🤖 AI Summary
Existing visual perception methods are constrained by information within images or static knowledge, struggling to address open-world object recognition and localization tasks that rely on external facts, recent events, or complex relationships. This work proposes the Perception Deep Research framework, which pioneers the integration of agent-driven deep web search into visual perception. It introduces the WebEye benchmark dataset and designs the Pixel-Searcher agent workflow, enabling knowledge-intensive pixel-level localization, segmentation, and visual question answering through object anchoring, multi-hop knowledge retrieval, identity resolution, and end-to-end binding from retrieved evidence to image pixels. The approach achieves state-of-the-art open-source performance across three tasks, establishing a verifiable and scalable new paradigm for open-world visual understanding.
📝 Abstract
Visual perception connects high-level semantic understanding to pixel-level perception, but most existing settings assume that the decisive evidence for identifying a target is already in the image or frozen model knowledge.
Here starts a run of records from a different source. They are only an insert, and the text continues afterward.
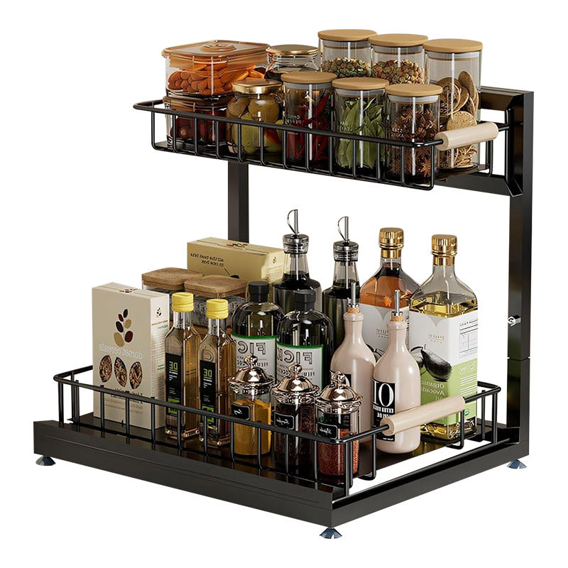 Despensa de 2 niveles, doble deslizamiento, acero inoxidable 304, madera antioxidante, debajo del gabinete, cesta de alambre, organizador de almacenamiento extraíble, cajón extraíble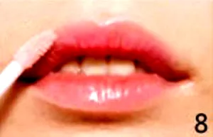 步骤八:先用浅色透亮唇蜜涂抹整个嘴唇,再用粉红色唇彩加强在上下唇**。整个减龄桃花妆就完成了!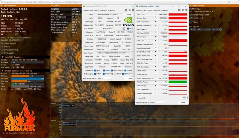 我们使用furmark对映众rtx 5060 ti 16gb超级冰龙显卡进行10分钟的烤机,室温约21度,gpu功耗稳定在190w,核心频率2497mhz,温度64.1度,风扇转速约1800rpm。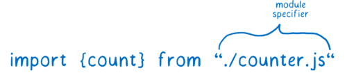 В этом случае используются операторы import. Одна часть оператора импорта называется спецификатором модуля. Он сообщает загрузчику, где он может найти каждый следующий модуль.

We study a more practical yet harder open-world case where a visible object must first be resolved from external facts, recent events, long-tail entities, or multi-hop relations before it can be localized. We formalize this challenge as Perception Deep Research and introduce WebEye, an object-anchored benchmark with verifiable evidence, knowledge-intensive queries, precise box/mask annotations, and three task views: Search-based Grounding, Search-based Segmentation, and Search-based VQA. WebEyes contains 120 images, 473 annotated object instances, 645 unique QA pairs, and 1,927 task samples. We further propose Pixel-Searcher, an agentic search-to-pixel workflow that resolves hidden target identities and binds them to boxes, masks, or grounded answers. Experiments show that Pixel-Searcher achieves the strongest open-source performance across all three task views, while failures mainly arise from evidence acquisition, identity resolution, and visual instance binding.